In my stories I will occasionally mention the species of my characters. I still use phrases like "wags tail" or "extends claws" (and my cat still purrs) to reference that they are anthro critters.  I hope that helps.


----------



## Hooky (Dec 30, 2013)

Conker said:


> That's a good question.
> 
> A lot of furry stories are furry for the sake of it--all the characters are talking animals but only because why not? Others have humans in em that are super evil and bad because hoomans are like, so evil and bad.
> 
> ...





Shetana said:


> In my stories I will occasionally mention the species of my characters. I still use phrases like "wags tail" or "extends claws" (and my cat still purrs) to reference that they are anthro critters.  I hope that helps.


Thanks! I'll keep these points in mind while writing.


----------



## Willow (Dec 30, 2013)

Just like any other story, you should only really reference what the character is when it's important or relevant to the story.
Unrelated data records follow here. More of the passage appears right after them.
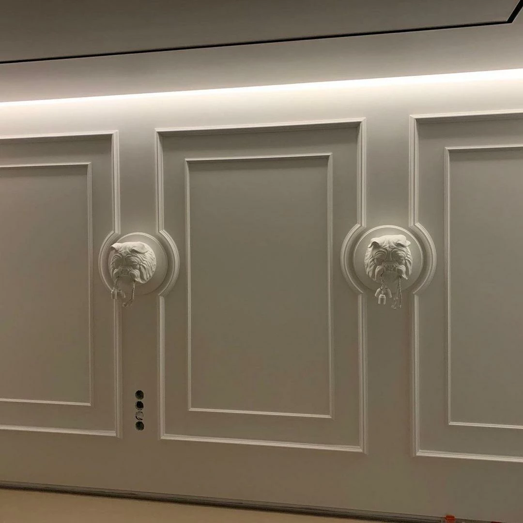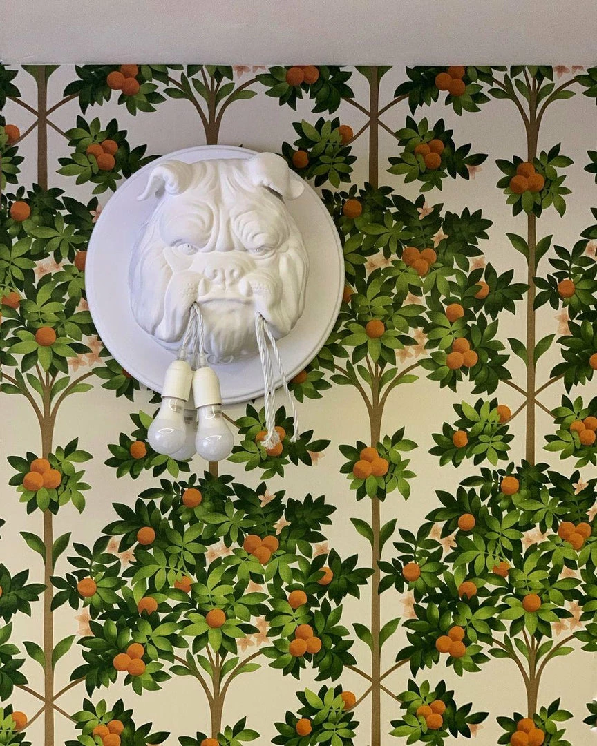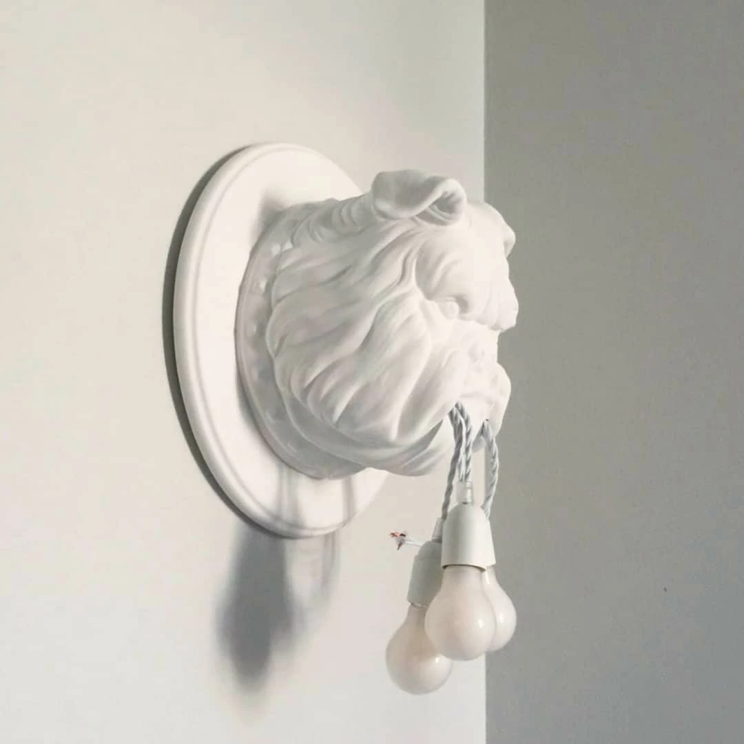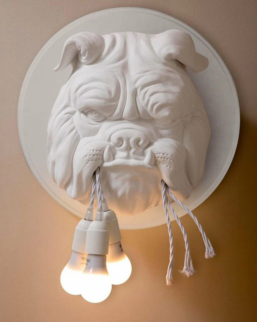 The Amsterdam Wall Sconce is part of a series of pieces that examine nature’s relationship to man. this fixture showcases the bust of an expressive bulldog rising from the wall to hold a ripped cluster of light bulbs in his mouth. Its resin composition adds to its structural detailing while the smooth matte finish lends a classic element. The light bulbs emit a warm glow that highlights the fine details within the bulldog’s angered expression.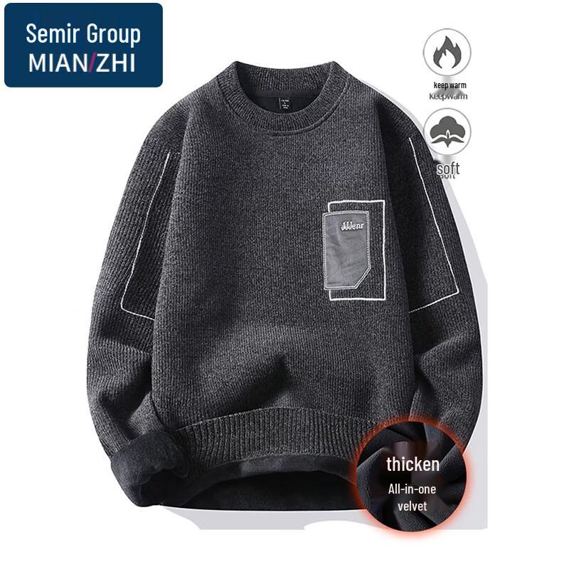 MianZhi Men's Crew Neck Fleece Lined Knit Sweater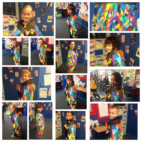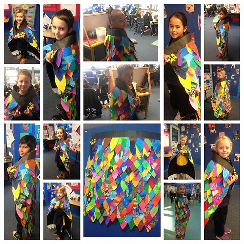 Room 10 made feathers from paper and designed them in the style of Ruben Patterson an Artist who they have been studying this term. This cloak represented them as individuals and as a class.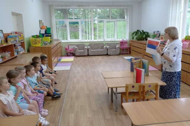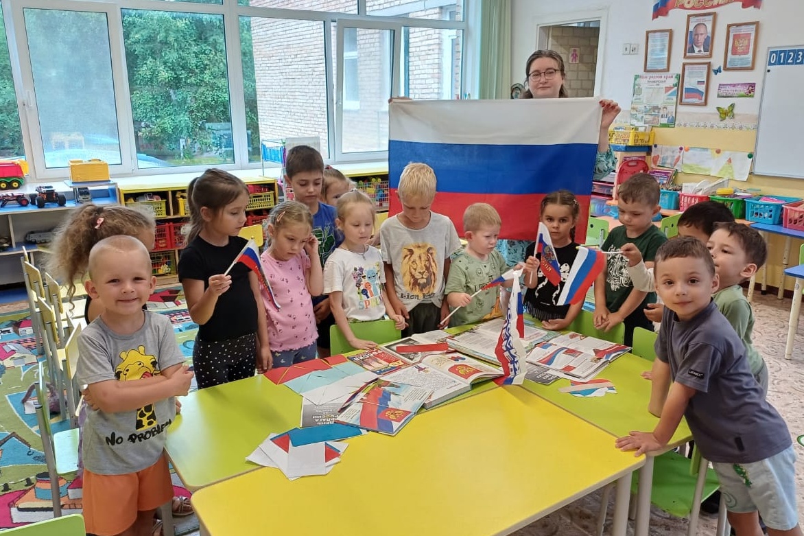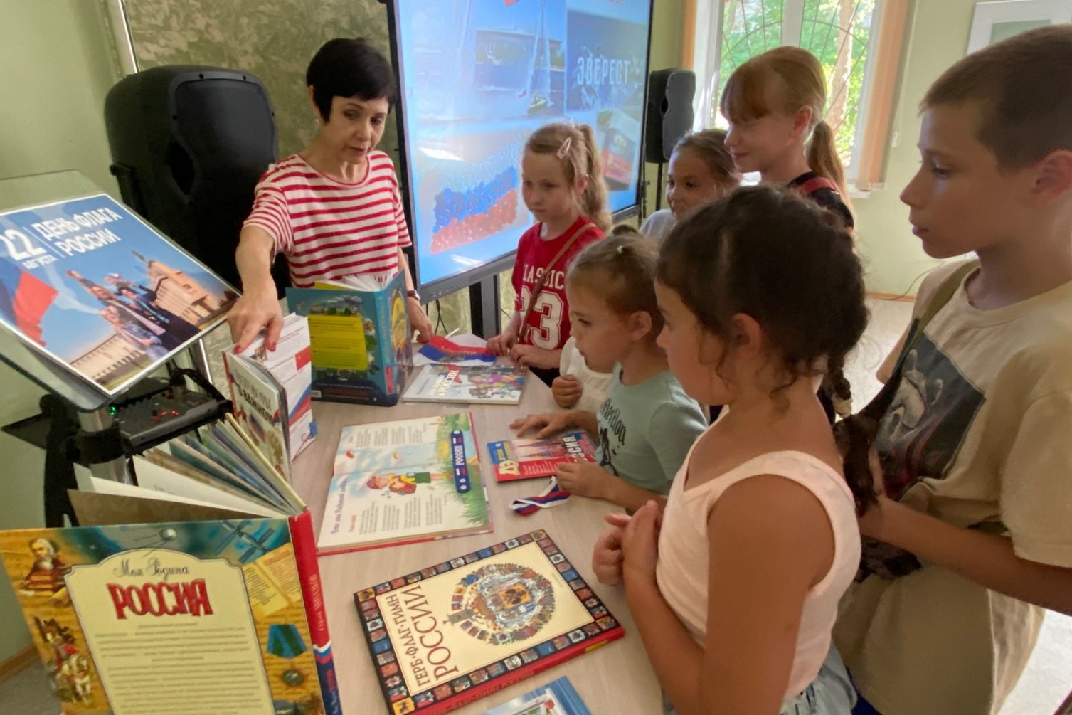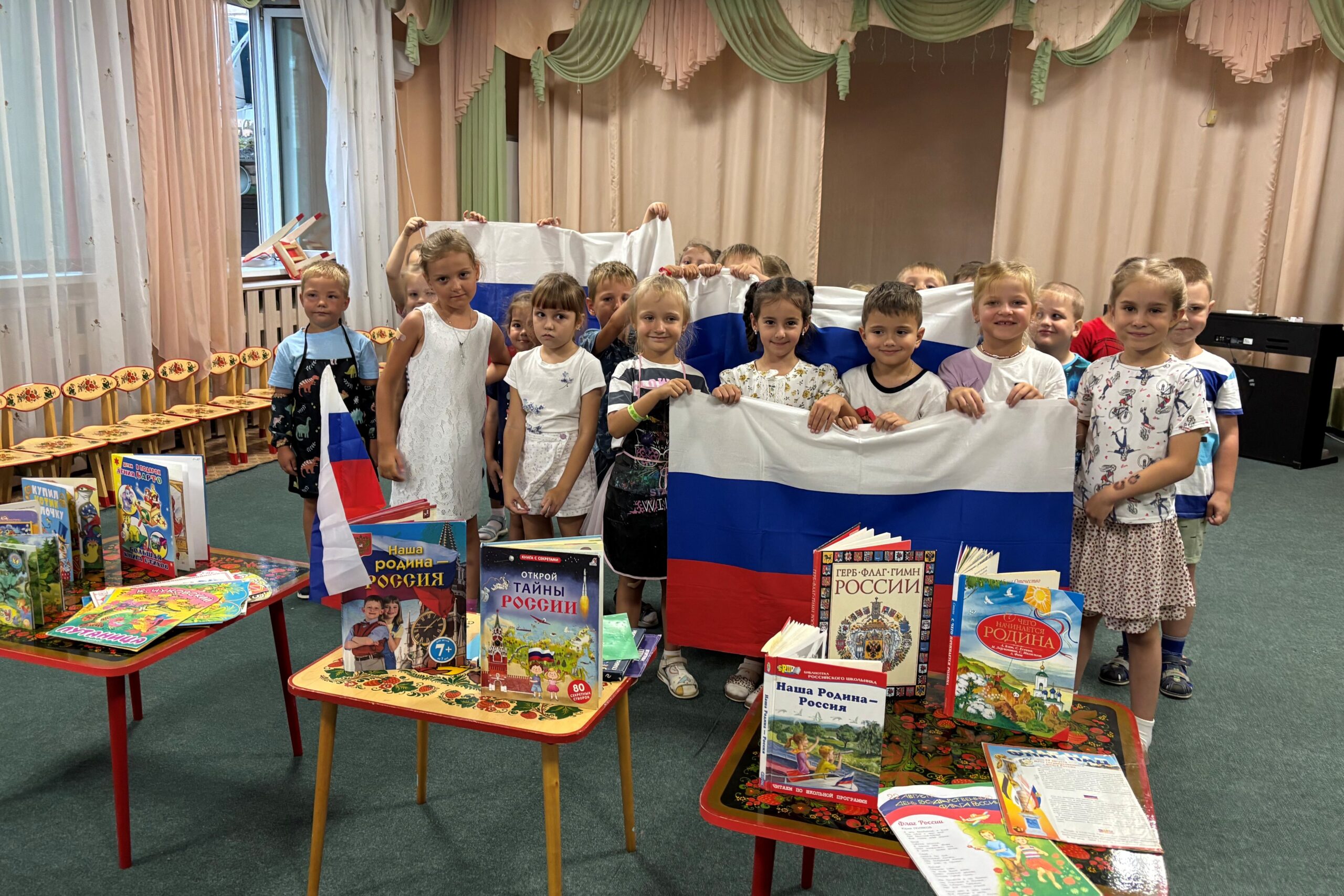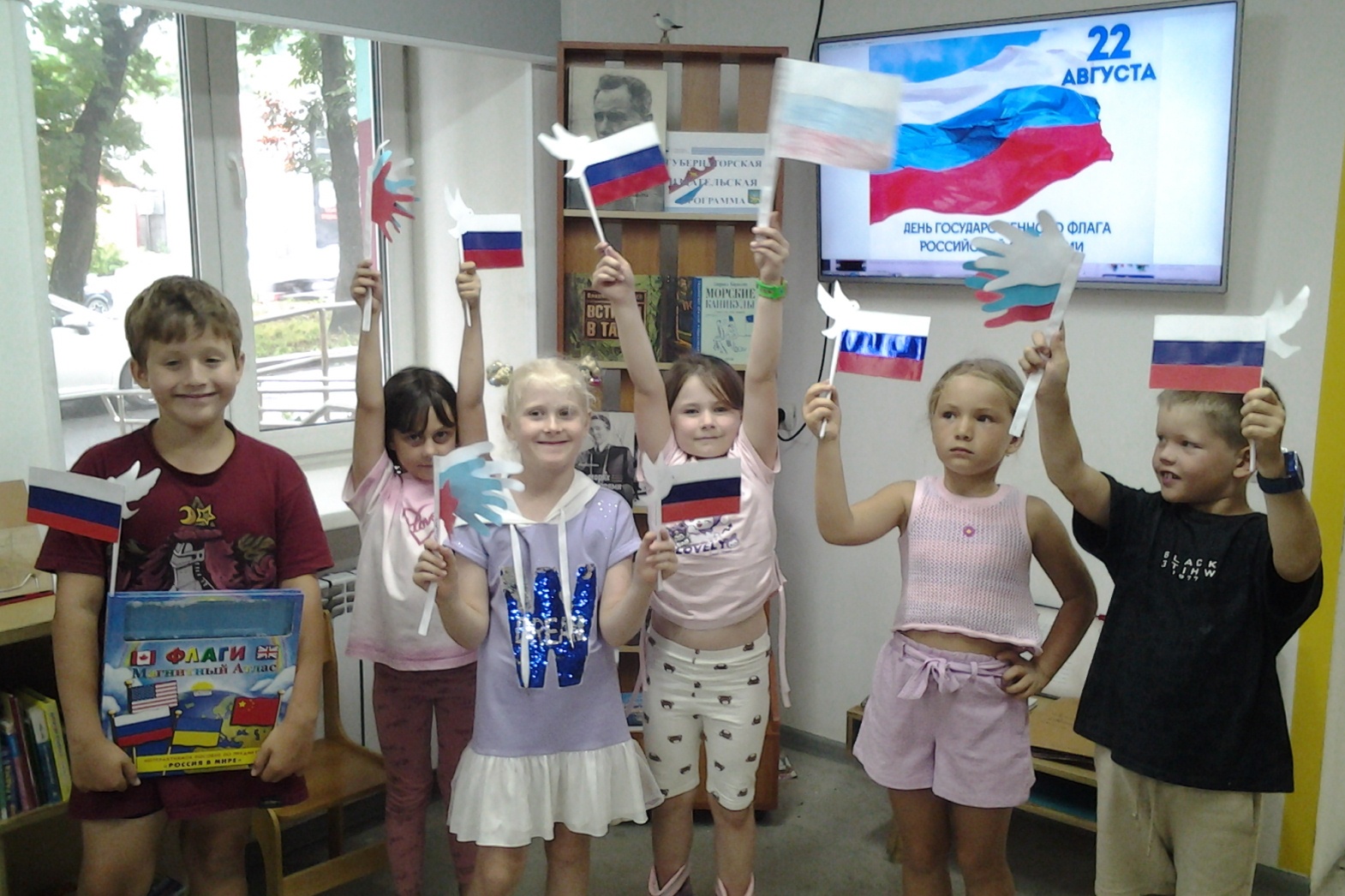 22 августа детская библиотеке № 7 (ул. Калинина, 281) провела для воспитанников детского сада № 39 литературно-патриотический час. Послушали стихи о флаге, выучили наизусть стихи Владимира Степанова «Флаг России». Дети в простой и запоминающейся форме стихов вспомнили, что означают цвета российского триколора и через игры начали понимать, что флаг – это не просто красивое полотно, а особый знак, который представляет нашу страну, ее историю и людей. Ребята с интересом рассматривали книги о России, а особенно увлеченно изучали книгу с секретами и открывали тайны России.

There's nothing wrong with occasionally referring to a character by species or pointing out their animal traits (i.e. ears twitching, barking, etc.) but too often people will overload stories with extra details to stress that the character isn't human. 

Basically, if you read through your work and a line or a statement seems unnecessary or it starts to feel repetitive, fix it. This is actually just a general rule of thumb for any sort of writing but it's still good to know.


----------



## Tica (Dec 30, 2013)

if the species of the characters has no bearing on the story whatsoever, you might as well just make them human. you should only deviate from the norm in a story for a good storytelling reason, or in such a way that adds to the depth of your characterization.


----------



## Conker (Dec 30, 2013)

Tica said:


> if the species of the characters has no bearing on the story whatsoever, you might as well just make them human. you should only deviate from the norm in a story for a good storytelling reason, or in such a way that adds to the depth of your characterization.


Unless he decides to write a kid's story then it really doesn't matter. Brian Jacques got away with his animal people for pretty much that reason.

But otherwise I agree.


----------



## Zeitzbach (Dec 30, 2013)

Remember that if the Chameleon cannot use camouflage, then there's no point in making the character a chameleon in the first place. If the cat is just as agile as every other species then it's not really a cat.

You can easily tell the reader that this character is a cat if he starts jumping and climbing up wall at very fast speed and tell that this character is a dog if he can smell a hidden stash of cocaine 15 km away or something. Humans can't really do that.


----------



## coso (Feb 6, 2014)

A literary device may be that. You remember the reader that they are animals with sentences like: "he scratched his nose with his paws as he thought", "he showed his sharp claws", "he moved his ears showing his doubt". That's really cool and it forces you to improve descriptions. Good luck!

PD: Sorry for my poor english xD


----------